Students also must learn to differentiate between what’s true and what’s not true, understanding that not everything on the internet can be trusted.

Hilliard City Schools, outside of Columbus, Ohio, embraces technology in schools with its online learning management system and an iPad program, among other initiatives.

At the same time the school district was writing online textbooks, it made the shift to Canvas as its learning management system.

“We were really proud we made that shift to Canvas two years before Ohio State, a year before Miami, Bowling Green and OU,” he says. “Our kids are really prepared when they go to college because they’re in the learning management system that they use in college.”

He says the district continues to challenge itself in the way it equips students with information.

In a four-year period, Hilliard City Schools has gone from, “We’re going to write our own textbooks,” to “We’re going to write our own textbooks in iBook Author,” to, “Should we be writing our own textbooks and putting it right into Canvas?”

Gagne asks whether some teachers push back against the pace of change in Hilliard, especially relating to the technology in schools.

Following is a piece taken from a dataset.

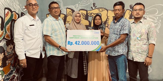 PEKANBARU (Pekanbarupos.co) – Badan Penyelenggara Jaminan Sosial (BPJS) Ketenagakerjaan Kantor Cabang Pekanbaru Kota menyerahkan santunan Jaminan Kematian (JKM) kepada ahli waris Farid Nur Zahran, salah seorang pekerja Wareh Kupie di Kota Pekanbaru yang meninggal dunia karena sakit, beberapa waktu lalu.

Dr. Marschhausen tells teachers that it’s okay to fail in embracing technology in schools, and that some will be walkers, some will be joggers and some will be sprinters.

“That’s fine, you have to embrace the fact that some people are a little more fearful, some people don’t want to fail as fast as others,” he says. “Within any organization you have to be able to embrace the different speeds at which people work.”

And there are foundations that won’t change: teaching young people to read and write, for example, and teaching them math facts.

“There are some things there are no shortcuts to, it takes amazing teachers and relationships with students,” Dr. Marschhausen says. “Teaching kids to read and write is personal.”

The efforts are paying off. Gagne notes Hilliard is enjoying wonderful support in the community, and recently passed a levy issue with the highest amount of support ever.

“It’s a journey, we still have some who will give you the quote, ‘Well it was good enough when I went to school, I don’t understand why we have to change now,’” Dr. Marschhausen says. “The conversation starts with the world we’re preparing these students for. We’re preparing these kids for a world that doesn’t yet exist.”

He credits Allerton Hill Communications with assisting in the communication with parents and Hilliard residents.

“People move to Hilliard because we don’t do it the way it was in the past,” he says. “Our board-adopted mission statement is to prepare students to be ready for tomorrow.”

Dr. Marschhausen calls it a “whole different mindset” for teachers and students.

“For the old system of education there was a finish line, it was, ‘Give me a checklist, I’m going to do what I’m told to do,’” he says. “There is no checklist anymore, it is a journey. You have to be willing to say, ‘I’m okay doing the work every day, knowing that I’m going to have to do different work tomorrow.’ And that is a whole different mindset.”

On his trip, Dr. Marschhausen learned about how Apple’s hiring process has evolved, and how that’s shaping his approach. He is thinking about hiring whoever is likely to be the best teacher in five years.

“We used to hire people who were the best candidates at the moment,” he says. “Apple has us thinking, and reviewing and reflecting on our own process. The best person right now might not be the best person in five years. How do you, through an interview process, evaluate capacity?”

And he is learning the importance of cultural alignment from Apple, applying it to bus drivers, cooks, teachers, administrators and parents.

“To create that alignment of purpose and mission where your heart and your mind are in the same place,” he says. “Now there’s the culture that you strive for.”

Dr. Marschhausen notes his blog, Life in Focus, applies quotes that catch his attention to the work he’s doing everyday.

“I do it because it keeps me grounded,” he says. “There are times that I need to press pause and reflect on what’s most important.”